E - Au plan international

Nous atteignons là un des sommets du "mystère d'iniquité" dont certains ont parlé. On a l'impression d'un brigandage à l'échelle de la planète. Ne prenons que deux exemples dont je fus le témoin :

- Certains pays parmi les plus pauvres dépendent étroitement de leur production agricole puisque leurs ressources industrielles sont nulles. On commence donc par leur consentir des prêts "à des taux intéressants" à rembourser sur les récoltes à venir. Puis, deux ou trois ans après, on décrète que le cours desdits produits baisse de 20%, 30%, parfois davantage : c'est le cas de la Côte d'Ivoire avec des cours du cacao et du café fixés à Londres, à New-York, que sais-je !

- L'irrigation est indispensable dans plusieurs pays, d'où l'idée d'aller chercher de l'eau n'importe où à n'importe quel prix. C'est ainsi que certains "consultants" (agréés par les organismes internationaux, bien entendu) ont préconisé de capter l'eau dans des vallées hautes pour la diriger vers d'autres versants, secs une bonne partie du temps. Ce furent des travaux proprement pharaoniques : il a fallu percer à 5.000 mètres d'altitude une galerie de 4 ou 5 mètres de diamètre sur plus de cent kilomètres. Ce n'est que lorsque toutes les entreprises (étrangères) ainsi que le consultant furent payés grâce à des prêts à long terme que l'on s'aperçut que les terres irriguées étaient complètement stériles : ceci s'est passé au Pérou. Le démantèlement systématique de notre agriculture relève du même état d'esprit.

V - Conclusion

Ces lignes étaient en cours de rédaction lorsque parut la dernière encyclique pontificale "Centesimus annus" qui marquera une date très importante pour ceux qui voudront bien la lire. Plus que jamais il apparaît qu'on ne peut faire l'économie ni de la vérité ni de la justice, et dans la justice figurent le juste prix et le juste salaire pour lesquels il est légitime que les facteurs économiques jouent, mais jamais sans être les seuls. "Il y a dans le travail quotidien le poids de l'amour que l'homme porte à sa famille" a dit le Pape, ce qui signifie que cet amour est une composante du juste salaire.
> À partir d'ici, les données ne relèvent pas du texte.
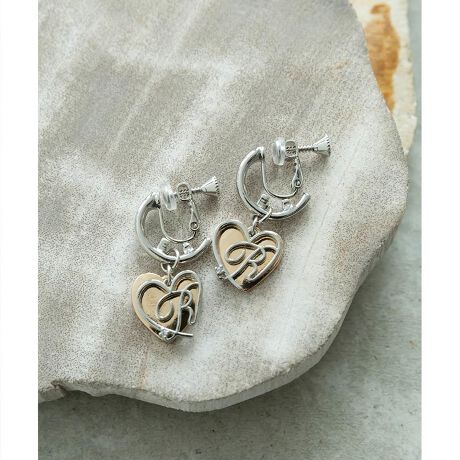 [型番:FA37315]<26春夏新作>POINT・ハートの中にRのロゴが入ったデザインイヤリング・ミックスの配色がさりげないポイントに・メタル素材で甘くなりすぎず、大人可愛い印象に
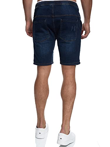Indicode Uomo Ernest Pantaloncini in Jeans con 4 Tasche e Fascia Elastica Vita 98% Cotone | Corto Denim Stretch Pantalone Used Look Washed Destroyed Regular Fit Pantaloni Casual Dark Blue S
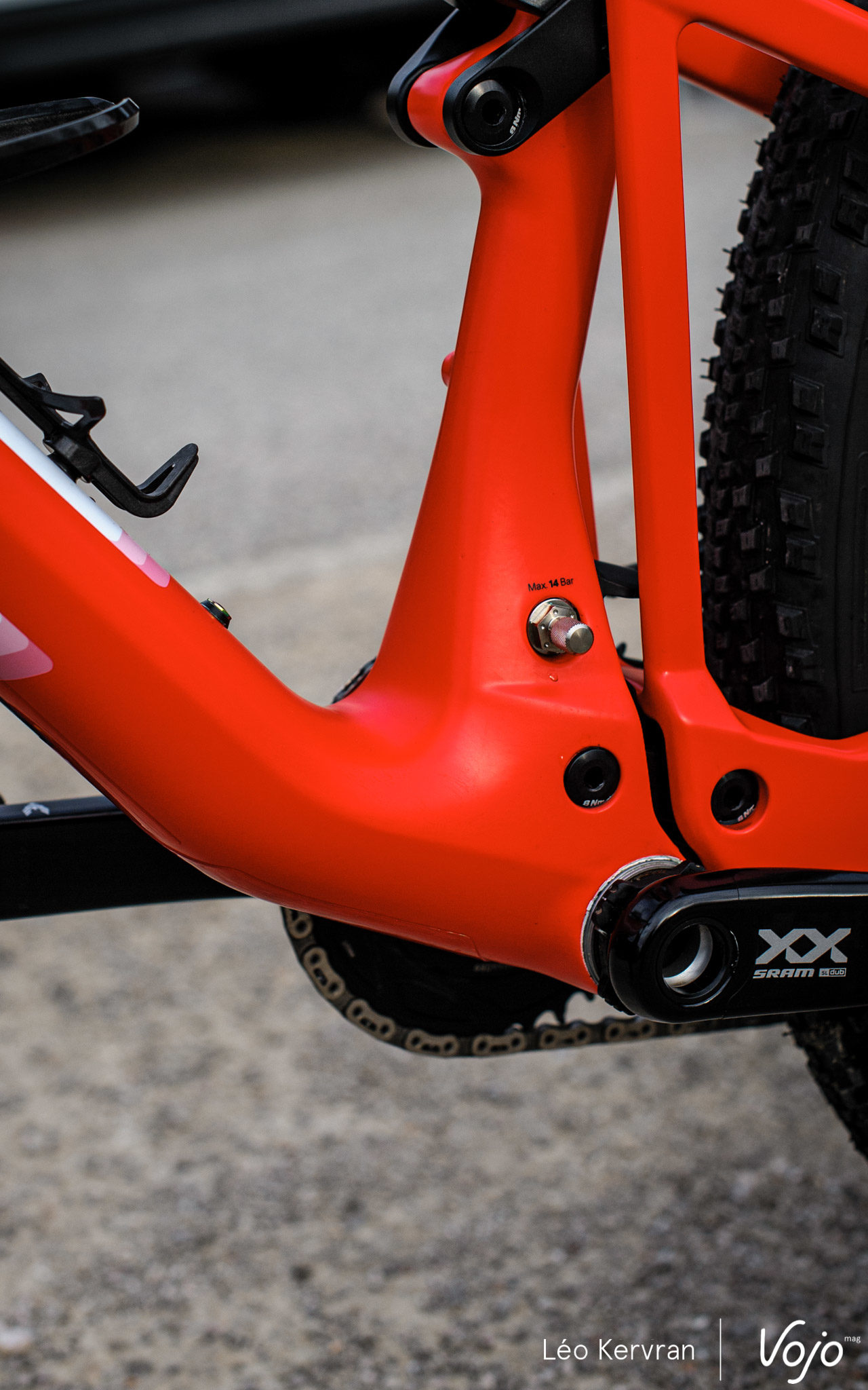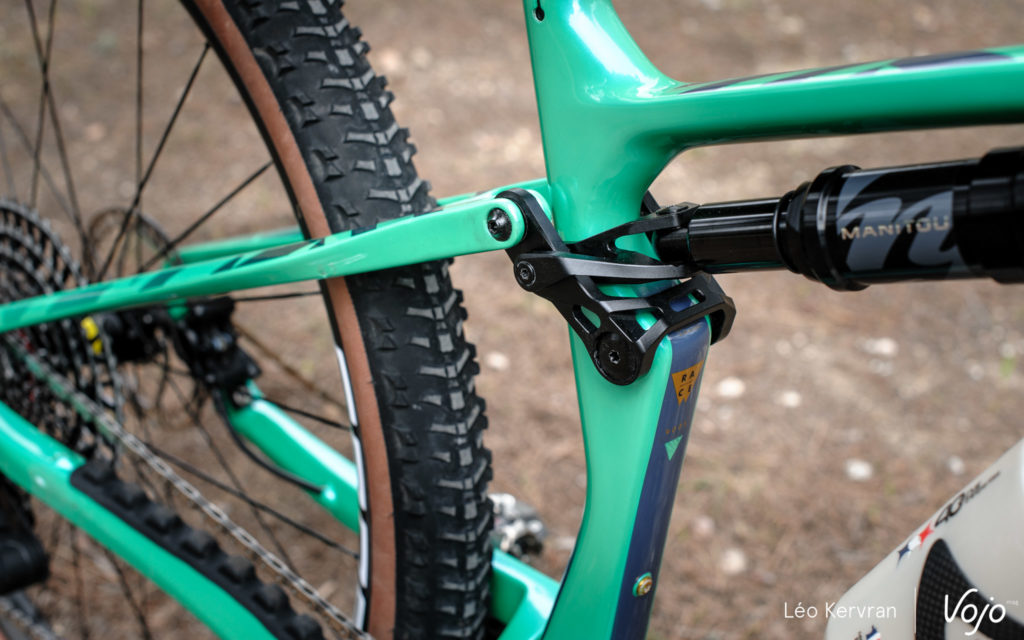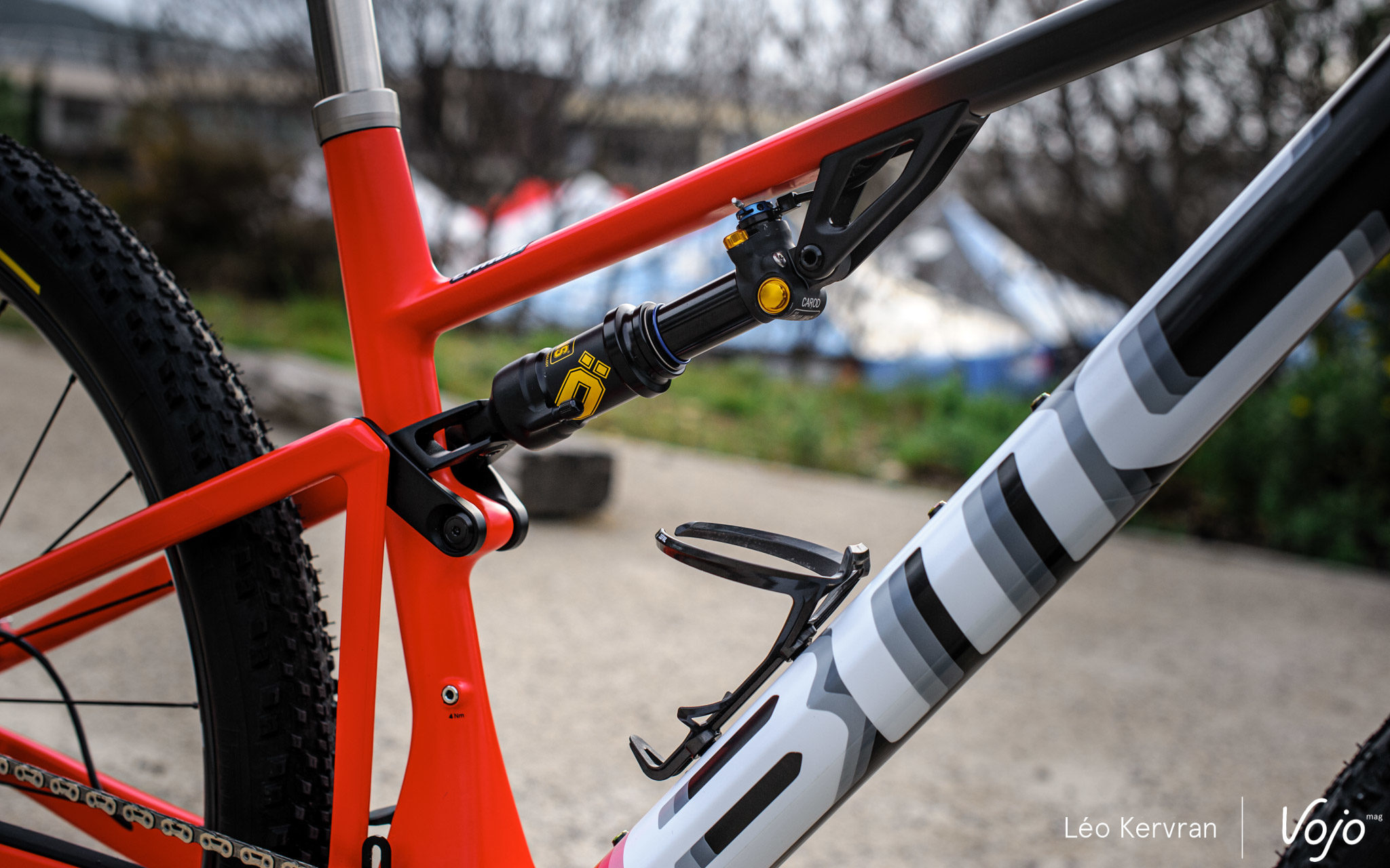 D’après ce qu’on a pu apprendre, le cadre est annoncé à 1 540 g et le châssis est conçu autour d’un débattement de 120 mm à l’avant comme à l’arrière. On remarque un imposant pontet de rigidification entre les haubans, pas si courant en XC.
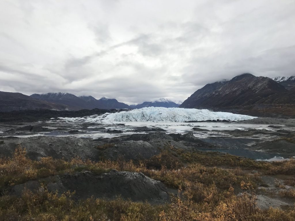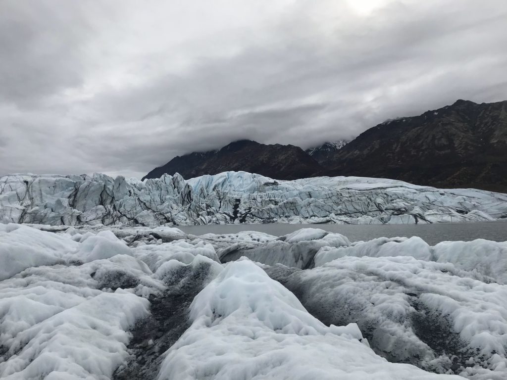 The glacier, it turned out, was Matanuska Glacier, a 30-mile river of ice that can visited for the low, low price of $30. After forking over this ambitious fee and signing a waiver that exempted the owners if I managed to fall into a crevasse, I drove out to the glacier face. Like most Alaskan glaciers, Matanuska is retreating – a half-mile or so in the past fifty years. The newly-exposed land at its terminus is a wasteland of mudflats, punctuated here and there by meltwater pools and mounds created by huge blocks of buried ice.

Prétendre que juste prix et juste salaire sont des illusions parce qu'on ne peut les calculer par une formule mathématique est grotesque : ce n'est pas parce qu'on manque d'une définition clinique exacte de la mort (ou du sommeil) que la mort (le sommeil) n'existe pas. Sur un mode plaisant, on peut se poser la question "A partir de combien de cheveux un homme est-il chauve ?" Mais il existe des chauves et des chevelus !

Le premier attribut de l'Etat est le "glaive" ou "la main de justice". Mais la justice humaine seule est bien faible, on a pu dire qu'elle était complètement disqualifiée depuis Ponce-Pilate, prototype des procès politiques en tous genres. Or, la manifestation matérielle de la justice réside dans la reconnaissance et le respect du bien d'autrui, ce qui ne peut se concevoir sans la reconnaissance et le respect de la personne d'autrui qui n'est pas d'essence matérielle, encore moins économique, mais spirituelle. C'est dans ce sens qu'on peut affirmer à la suite du Pape que marxisme et libéralisme au sens de réduction de la vocation humaine à la seule acquisition de biens matériels, sont les deux faces opposées de la même pièce de fausse monnaie qui est celle du matérialisme athée qui, littéralement, châtre l'homme spirituellement en niant sa dimension spirituelle. L'Evangile nous invite à "chercher le royaume de Dieu et sa justice". Une justice fondée sur l'éminente dignité de l'homme et non une justice légaliste inventée par les hommes pour justifier leur égoïsme.